-- Requirement --
Among the lines of the listing below, retype exactly those from the one containing "Anlässlich des Allerheiligen- und" through the one containing "Completely remove the", both included. Do not include pictures.

-- Records provided --

- - -

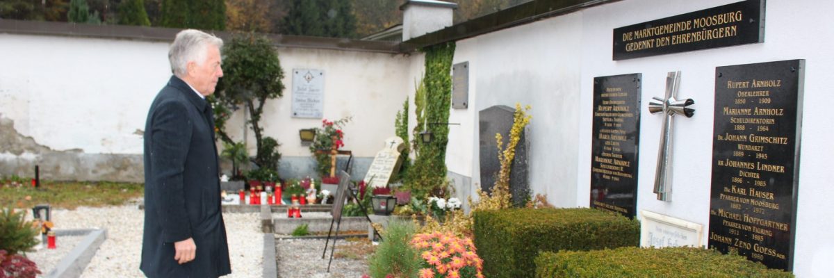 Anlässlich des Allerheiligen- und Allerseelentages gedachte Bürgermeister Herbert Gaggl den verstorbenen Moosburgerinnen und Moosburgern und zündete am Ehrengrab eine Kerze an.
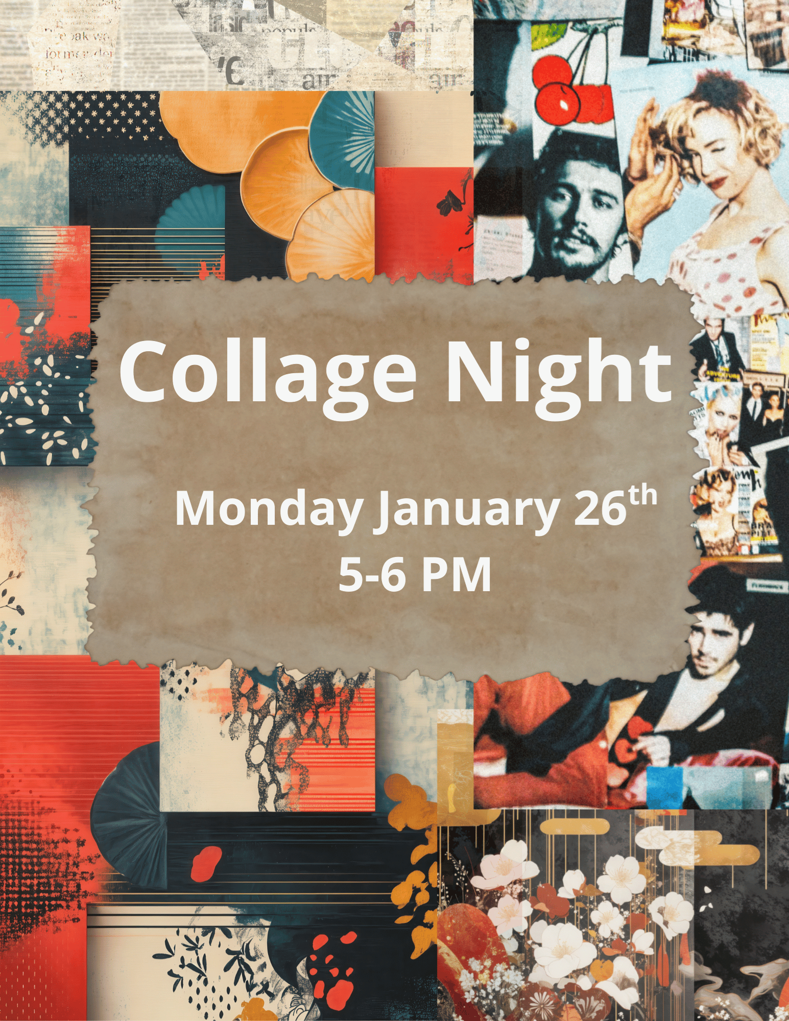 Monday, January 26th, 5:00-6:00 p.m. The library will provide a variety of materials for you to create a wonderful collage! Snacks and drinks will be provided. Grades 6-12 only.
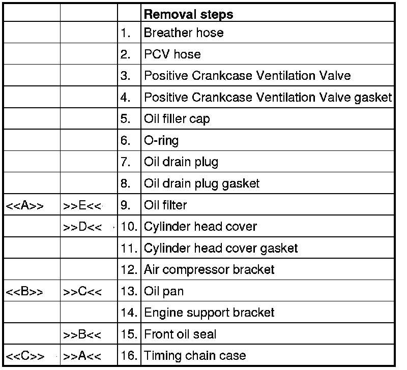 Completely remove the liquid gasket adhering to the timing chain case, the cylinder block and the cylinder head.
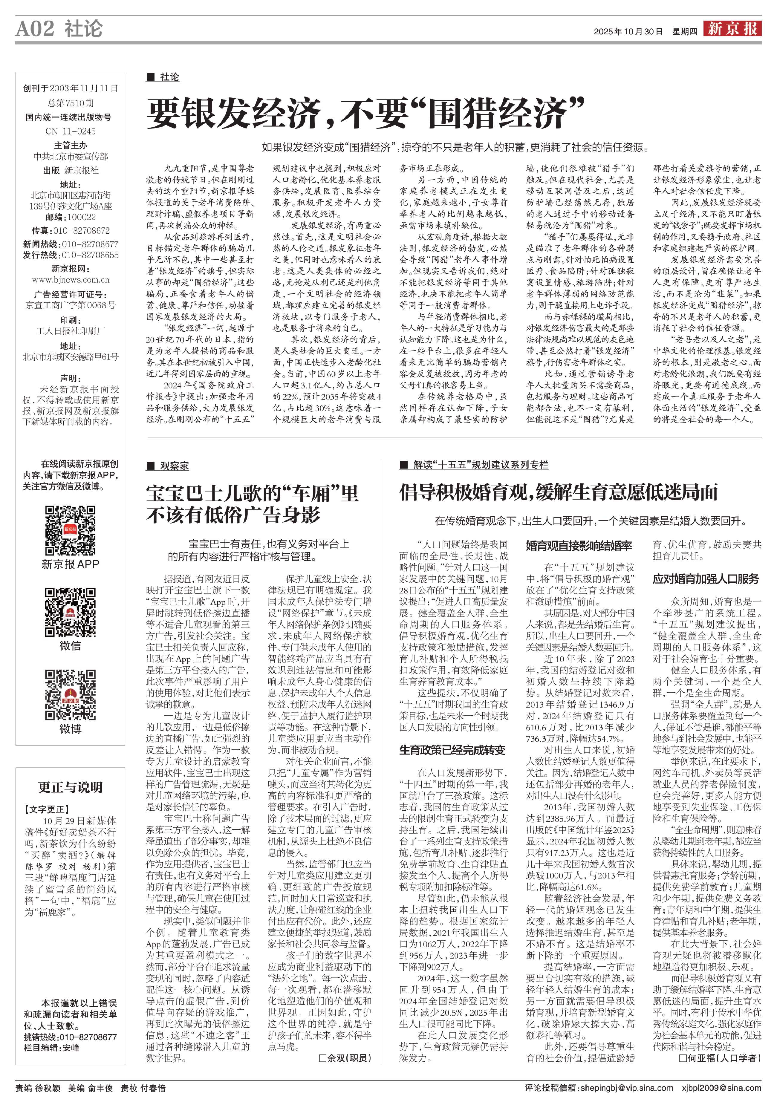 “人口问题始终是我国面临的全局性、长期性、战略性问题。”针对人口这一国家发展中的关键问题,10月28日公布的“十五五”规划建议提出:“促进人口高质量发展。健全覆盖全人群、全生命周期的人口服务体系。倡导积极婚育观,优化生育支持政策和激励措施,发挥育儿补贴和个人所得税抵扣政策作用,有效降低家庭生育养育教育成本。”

- - -

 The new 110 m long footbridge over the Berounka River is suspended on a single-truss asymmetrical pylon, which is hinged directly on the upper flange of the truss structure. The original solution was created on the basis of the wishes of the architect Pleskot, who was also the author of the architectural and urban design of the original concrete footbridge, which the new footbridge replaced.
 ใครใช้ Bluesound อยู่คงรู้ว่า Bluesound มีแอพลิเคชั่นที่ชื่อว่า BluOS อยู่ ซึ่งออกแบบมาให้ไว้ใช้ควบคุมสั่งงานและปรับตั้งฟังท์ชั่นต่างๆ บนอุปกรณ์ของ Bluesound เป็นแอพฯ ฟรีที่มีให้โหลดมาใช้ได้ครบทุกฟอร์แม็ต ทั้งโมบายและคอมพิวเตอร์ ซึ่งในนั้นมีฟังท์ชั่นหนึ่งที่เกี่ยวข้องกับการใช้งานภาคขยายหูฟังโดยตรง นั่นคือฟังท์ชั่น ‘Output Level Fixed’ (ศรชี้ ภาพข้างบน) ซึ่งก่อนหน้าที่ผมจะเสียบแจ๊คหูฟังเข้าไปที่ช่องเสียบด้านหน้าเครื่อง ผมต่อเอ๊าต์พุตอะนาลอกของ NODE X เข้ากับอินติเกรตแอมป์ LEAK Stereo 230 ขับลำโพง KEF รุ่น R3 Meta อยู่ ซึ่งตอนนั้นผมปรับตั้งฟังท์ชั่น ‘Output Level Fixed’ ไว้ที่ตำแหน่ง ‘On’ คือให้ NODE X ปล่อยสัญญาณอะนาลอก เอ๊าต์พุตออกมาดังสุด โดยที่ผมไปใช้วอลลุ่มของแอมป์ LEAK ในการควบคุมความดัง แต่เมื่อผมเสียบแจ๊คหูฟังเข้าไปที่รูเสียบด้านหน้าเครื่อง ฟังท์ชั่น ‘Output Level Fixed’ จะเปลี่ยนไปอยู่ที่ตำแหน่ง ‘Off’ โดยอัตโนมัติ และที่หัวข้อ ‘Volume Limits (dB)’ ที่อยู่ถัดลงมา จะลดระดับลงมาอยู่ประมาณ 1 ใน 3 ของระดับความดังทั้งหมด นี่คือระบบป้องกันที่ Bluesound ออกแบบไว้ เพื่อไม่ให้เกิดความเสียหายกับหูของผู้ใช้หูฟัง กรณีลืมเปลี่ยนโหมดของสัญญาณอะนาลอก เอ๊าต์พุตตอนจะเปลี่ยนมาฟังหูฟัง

- - -

-- Reply --
 Anlässlich des Allerheiligen- und Allerseelentages gedachte Bürgermeister Herbert Gaggl den verstorbenen Moosburgerinnen und Moosburgern und zündete am Ehrengrab eine Kerze an.
 Monday, January 26th, 5:00-6:00 p.m. The library will provide a variety of materials for you to create a wonderful collage! Snacks and drinks will be provided. Grades 6-12 only.
 Completely remove the liquid gasket adhering to the timing chain case, the cylinder block and the cylinder head.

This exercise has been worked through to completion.